Case in point, a lingerie shop I entered, in search of a replacement bra. It easily had 10 clerks for a one-room storefront. It’s awkward to have people swarm around you when you’re looking for shoes; it’s another thing when you’re shopping for bras.

Once I’d actually made the mistake of touching one (bra, not clerk), a clerk materialized from nowhere with a measuring tape and deftly lassoed me before I knew what was happening. This is an aspect of bra shopping that I hate even in the States – a situation where it is socially acceptable for a stranger to wrap string around your nipples. She plucked the correct size off the rack and continued to trail me as I made my way around the store. A different salesclerk, noticing the two bras that by that point were in my hand, took it upon herself to hand me a third, a lacy, purple number that was far from my style, but which I took from her anyway so that I wouldn’t have to linger.

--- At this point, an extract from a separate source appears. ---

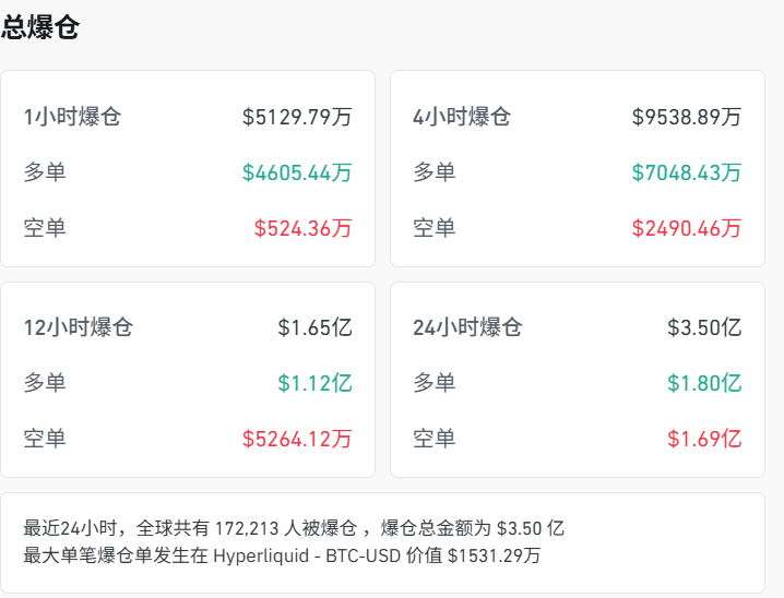 加密货币方面,多数币种下跌,截至23:03,比特币小幅度下跌,HYPE跌超4%,狗狗币跌近3%,过去24小时内超17万人爆仓。

Then, the dressing room. I had a feeling I wasn’t going to be alone – and I was right. I’d barely gotten the first bra on when I heard a chirpy voice announce in Chinese that she would help me, and my shower curtain was pulled aside.

“It’s too small,” I tried to explain, covering my chest with my hands as she reached for me.

“It’s not too small,” she replied and dove right in, her fingers deftly manipulating the straps.

She helped me out of the bra and into my other choices – all with the shower curtain open, of course; I took a deep breath and tried to adopt the mantra that Peter’s dentist used to say to him, somewhat creepily, whenever he was about to administer a dose of novacaine: “It has to be. It just has to be.”

And, indeed, it ended well. I bought a bra, and bid her farewell with a smile. If only I had the same success on my quest for pajama pants – I was so overwhelmed by would-be helpers that I had to make an evasive manuever around a rack of tops decorated with cartoon sheep.